Re: Perl text processing
by Utilitarian (Vicar) on Jun 09, 2014 at 15:17 UTC
    Let's call the file with the interesting categories imei_tags.txt and the file with 3 million devices imeis.txt then something like the following would do the job...
    WARNING: Untested off the top of my head code
    #! /usr/bin/perl use strict; use warnings; open (my $imeitag , '<', '/path/to/imei_tags.txt'); my %devices; while(<$imeitag>){ $devices{$1}=0 if /^\s*(\d{8}$/; } close $imeitag; open (my $imei, '<', '/path/to/imeis.txt'); while(<$imei>){ my $imeitag=$1 if /^\s*(\d{8}\d+\s*$/ $devices{$imeitag}++ if defined $devices{$imeitag}; } close $imei; my $count=0; for my $imeitag (sort {$devices{$a}<=>$devices{$b}} keys %devices){ print "$imeitag\n"; $count++; last if $count >=100; }
    print "Good ",qw(night morning afternoon evening)[(localtime)[2]/6]," fellow monks."

      Some untested thoughts:

      open (...);

      Return status of open statements not checked; alternately,  use autodie; not used.

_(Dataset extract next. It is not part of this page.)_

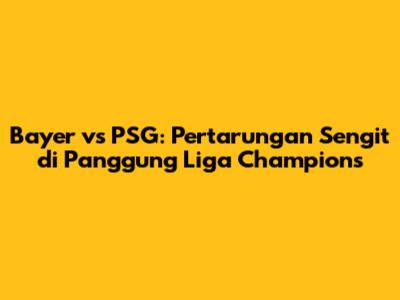 Jadwal Bayer vs PSG selalu dinantikan oleh para penggemar sepak bola. Pertandingan mereka biasanya dijadwalkan pada malam hari, sehingga para penggemar di seluruh dunia bisa menyaksikannya secara langsung. Hasil Bayer vs PSG akan selalu menjadi topik hangat yang diperbincangkan di berbagai platform. Kita bisa melihat highlights Bayer vs PSG untuk menyaksikan gol-gol indah dan momen-momen terbaik dalam pertandingan. Selain itu, statistik Bayer vs PSG juga akan memberikan gambaran yang jelas mengenai performa kedua tim dalam pertandingan tersebut.

      $devices{$1}=0 if /^\s*(\d{8}$/;

      Capture group  (\d{8}$ not closed.

      my $imeitag=$1 if /^\s*(\d{8}\d+\s*$/

      Capture group  (\d{8}\d+\s*$ not closed; statement not terminated (missing semicolon);  my $imeitag ... if ... ; conditional creation of lexical (pre-state static variable hack).

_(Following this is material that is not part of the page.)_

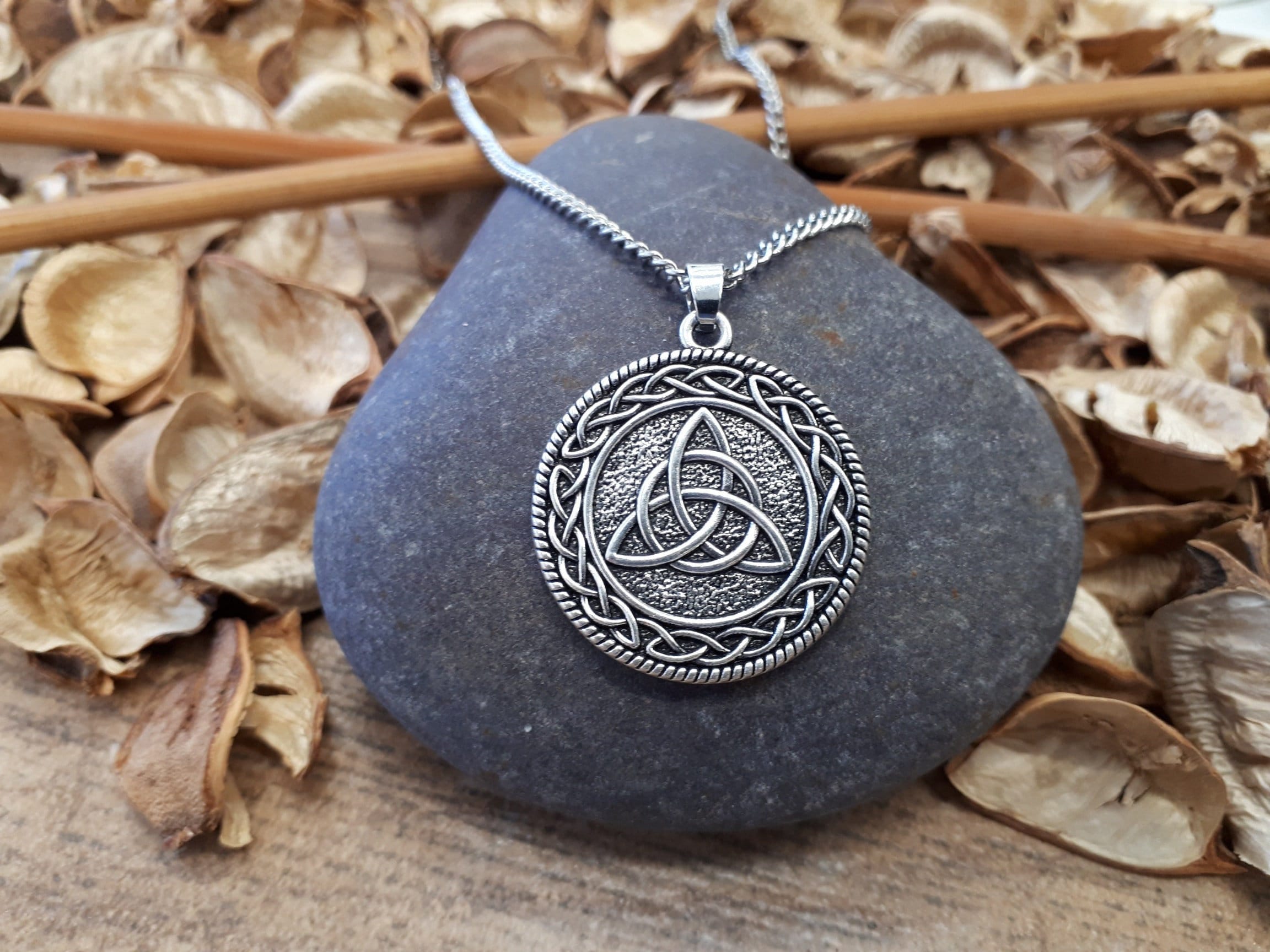 Silver Celtic Sister Knot Charm Necklace. Gaelic pendant Trinity Ba...

      for my $imeitag (sort {$devices{$a}<=>$devices{$b}} keys %devices){
          print "$imeitag\n";
          $count++;
          last if $count >=100;
      }

      Sorts keys of hash in ascending numerical order, but then prints first 100 keys, which does not seem in accord with requirement to "output ... the top 100 devices" (whatever "top" may exactly mean in the context of the OP).